> [AIM OF THE TASK]
Stop after the line with "Radiant Necklace - Owyhee". Up to that point, output every line of the listing below exactly from the first one onward, skipping pictures.

• • • • •

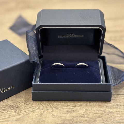 シンプルなデザインで身につけやすいです。 男性の指輪は艶消し加工も選択でき、キラキラしすぎず普段使いしやすいです。 女性の指輪は細かいダイヤモンドが2列に並んでおり輝きが綺麗です。 ひねりのあるデザインは共に歩んでいく2人の道をイメージしているそうです。
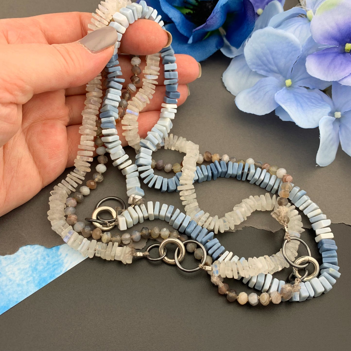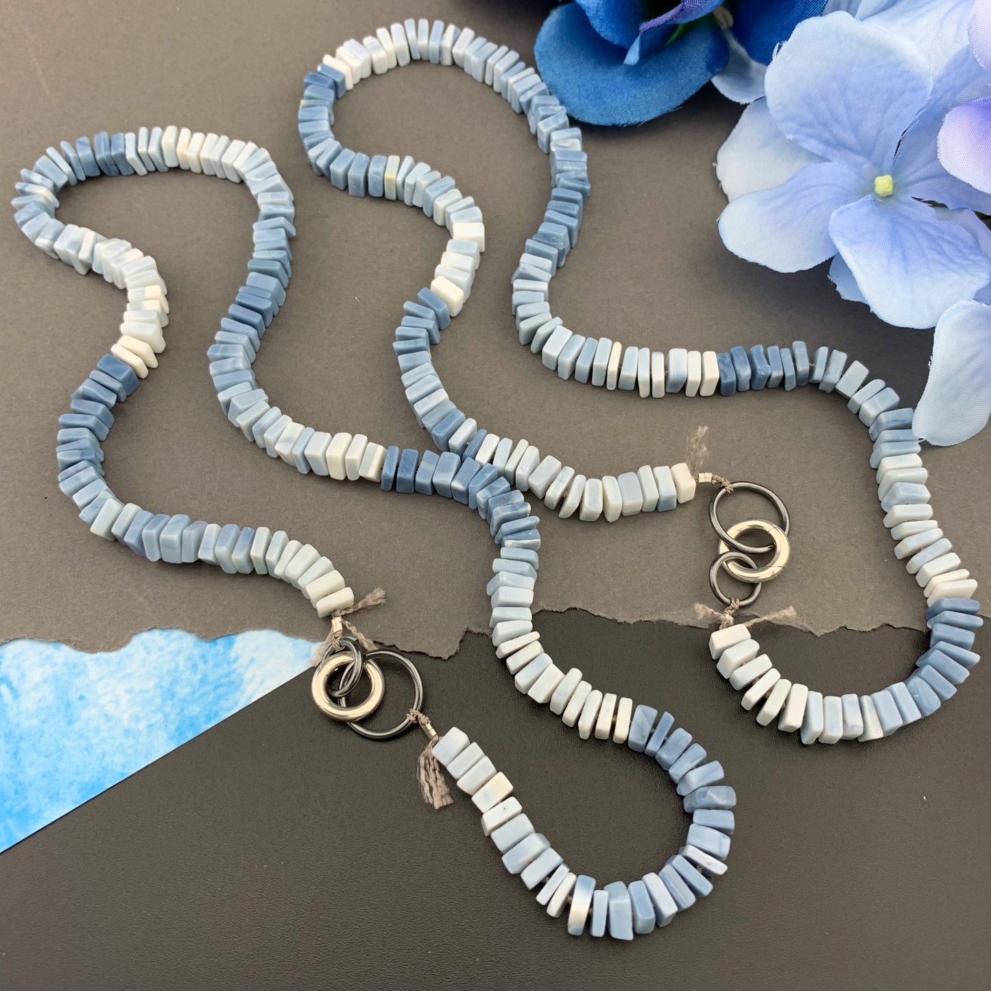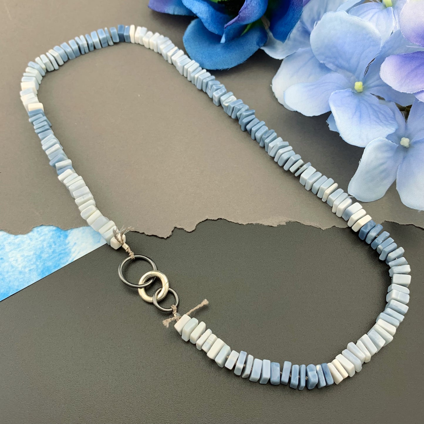 Radiant Necklace - Owyhee Blue Opal Square Heishi Gemstone Candy Necklace
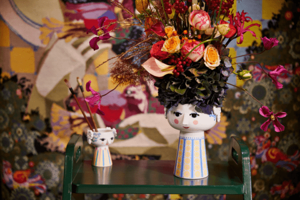 Bjørn Wiinblad repræsenterer alt, hvad der er skørt, skævt, kreativt og vidunderligt. Og med den smukke og smilende Eva-vase fra Bjørn Wiinblad med blåt hår og en farverig kjole i blå med rosa, lyseblå, gule og orange nuancer skaber du finurlighed i fuldt flor overalt i hjemmet. Vasen er 18,5 cm høj med en diameter på 12,5 cm og lavet af blankglaseret porcelæn. Ansigtet med de mandelformede øjne og den spidse næse er Wiinblads oprindelige streg, mens det farverige kjolemønster er en nyfortolkning af Bjørn Wiinblads illustrationer fra arkiverne. Formen er inspireret af Wiinblads originale og ikoniske Eva-vaser, der havde brede hoveder og kegleformede kroppe. Bjørn Wiinblad var en livsglad kunstner med en stor og farverig personlighed, der gik sine egne veje og ikke var bange for at drømme og tænke stort. Den sjæl mærkes også i Eva, der hviler i sig selv og inviterer os til at udtrykke vores egen stil og personlighed i indretningen med farverige blomsterbuketter, eksotiske planter, lys og kreative dekorationer. En ting er sikkert: Det bliver ikke kedeligt, når Eva flytter ind.
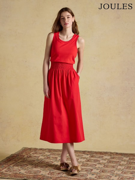 Joules Jade Red Sleeveless Jersey Woven Midi Dress
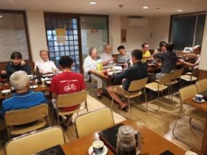 今日も暑い、連日35度越えの夏はいつまで続くのか。夏日連続記録も更新真っ最中、集合場所の外苑を8名でスタート。権田原の坂から四谷へ、半蔵門、千鳥ヶ淵、北の丸公園、神田、本町と皇居外堀沿いに進み、両国橋から東京都復興記念館へ。そこから四ツ目通りの本所防災記念館へ。途中合流メンバー加えて11名で、見学&体験しました。震度6の揺れや豪雨でドアが開かなくなる水圧などを体験。災害はいつおきてもおかしくない昨今です。次は大横川浸水公園経由で隅田堤をゆっくりとライド。白髭のインド料理屋で昼ランチ。好みの辛さでカレー料理を堪能しました。午後は北千住まで走り、15時に開催しました。
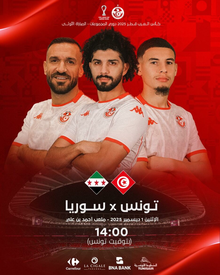 insert_link رياضة كأس العرب : التشكيلة المحتملة للمنتخب الوطني التونسي في مواجهة سوريا يلاقي المنتخب الوطني التونسي اليوم الإثنين 01 ديسمبر 2025 نظيره السوري في إطار الجولة الإفتتاحية من مسابقة كأس العرب ضمن منافسات المجموعة الأولى على ملعب أحمد بن علي إنطلاقا من 14:00 بتوقيت تونس بإدارة الحكم الكوستاريكي خوان غابرييل و في ما يلي التشكيلة المحتملة لعناصرنا الوطنية : حارس المرمى : أيمن دحمان خط الدفاع : محمد بن علي - مروان الصحرواي - أسامة الحدادي - علي معلول وسط الميدان : […] today1 ديسمبر 2025
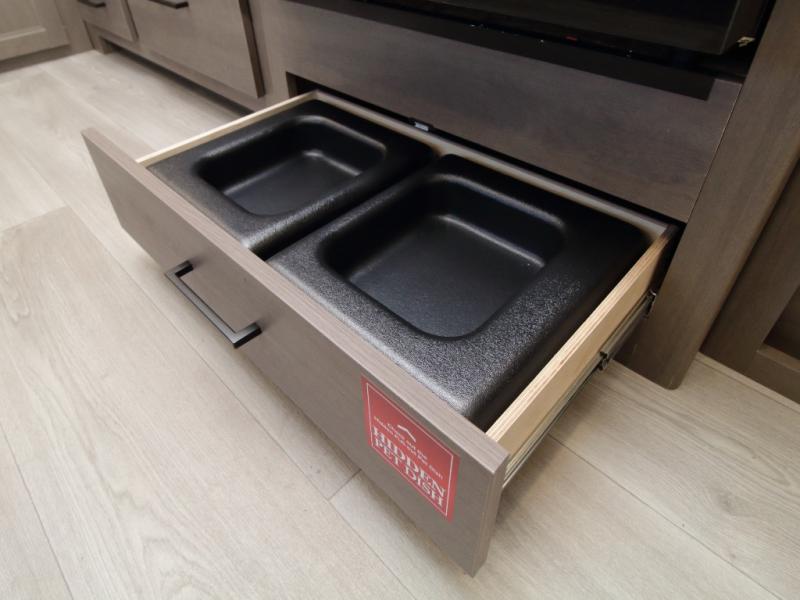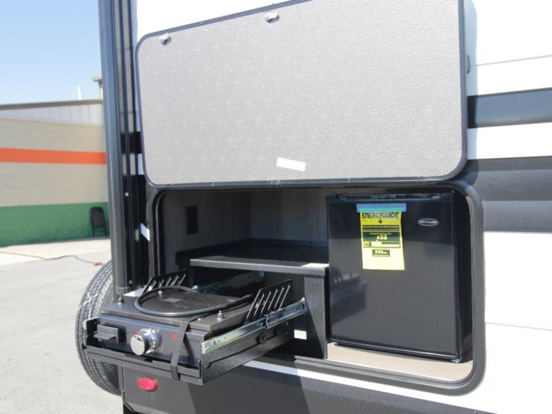 Outdoor Kitchen – Cook outdoors with the exterior griddle and 1.7 cu. ft. refrigerator under the power awning.
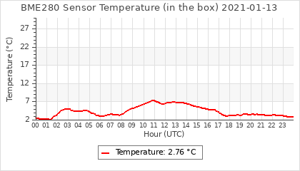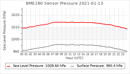 Experimental atmospheric pressure measurement with a simple sensor: BOSCH BME280The instrument is in the data collection box of the CR10X, the temperature and humidity do not reflect the real air conditions, because the box is in the sun and is not properly ventilated for these measurements.
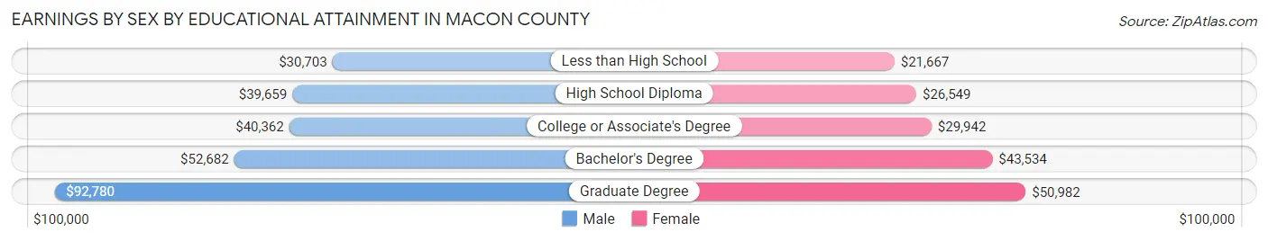 Average Earnings in Macon County are $34,129, $38,686 for men and $28,546 for women, a difference of 26.2%.
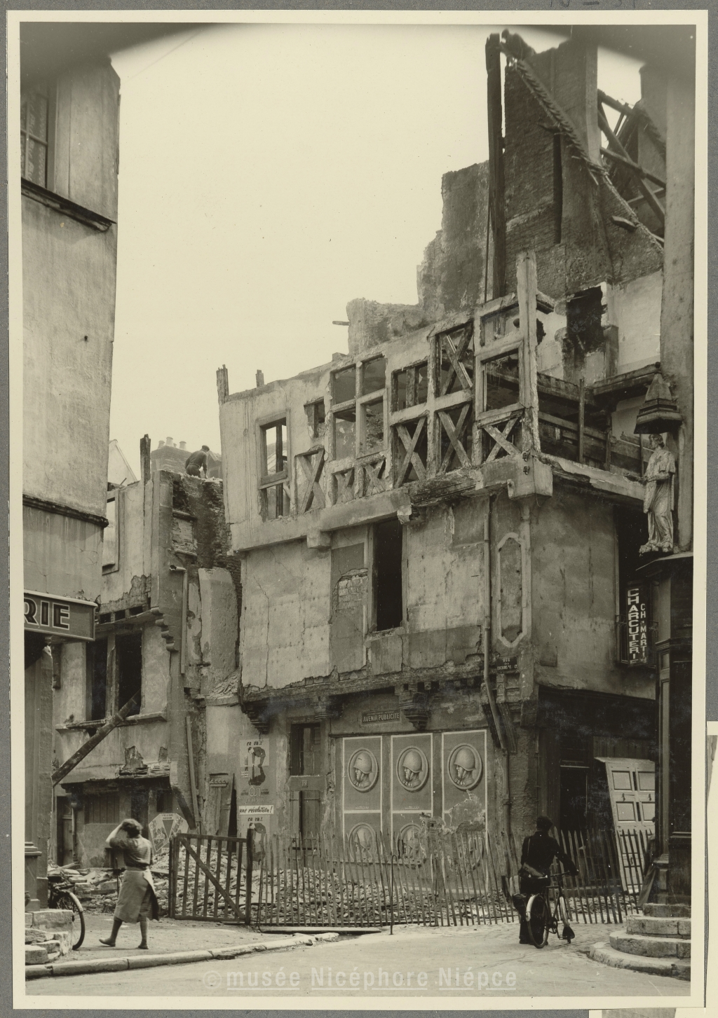 Démolition d'une vieille maison du XVIè siècle, menaçant ruine, au carrefour des rues St Vincent et des Cochons de Lait 20 Avril 1953
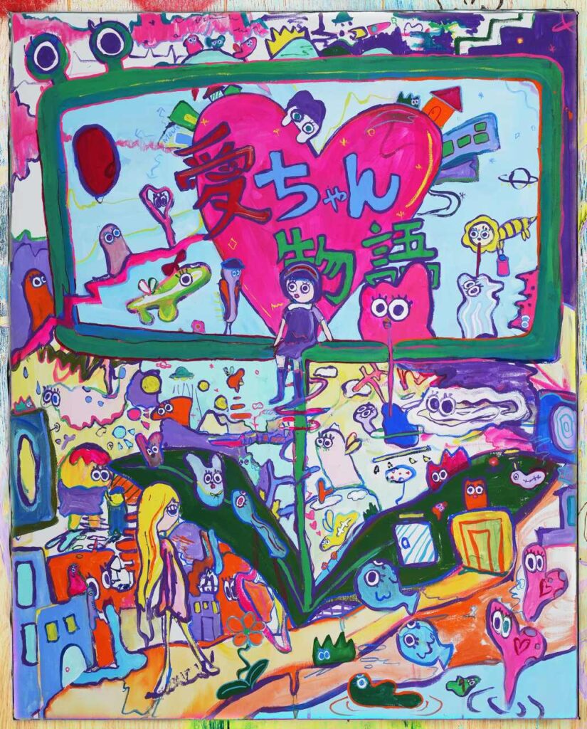 私は多様性を大切にしています。だから絵のキャラクターはいつも変な生き物ばかり。そして今、自分たちが生きているこの世界はクレイジー。だけどそれでも生きていかないと。どうせ、生きるならポップに明るく描きたい。それが自分の色。そして、自分の絵画制作、映画、全てのアートワークは繋がっています。映画のキャラクターは、この絵の世界に迷いこみ、不思議な生き物は映画を見にくる、そして「愛ちゃん物語♡」の世界に入っていきます。
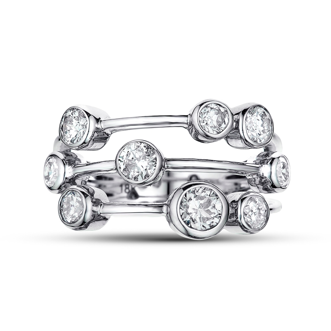 The sleek 18ct white gold setting provides the perfect backdrop for the diamonds’ radiant brilliance, its cool, lustrous tone amplifying their natural sparkle. Designed with precision and balance, the ring feels substantial yet refined, offering both comfort and enduring style. Every stone is securely set to ensure lasting beauty and durability, showcasing the meticulous attention to detail found only in fine jewellery.

• • • • •

> [RESPONSE BELOW]
 シンプルなデザインで身につけやすいです。 男性の指輪は艶消し加工も選択でき、キラキラしすぎず普段使いしやすいです。 女性の指輪は細かいダイヤモンドが2列に並んでおり輝きが綺麗です。 ひねりのあるデザインは共に歩んでいく2人の道をイメージしているそうです。
 Radiant Necklace - Owyhee Blue Opal Square Heishi Gemstone Candy Necklace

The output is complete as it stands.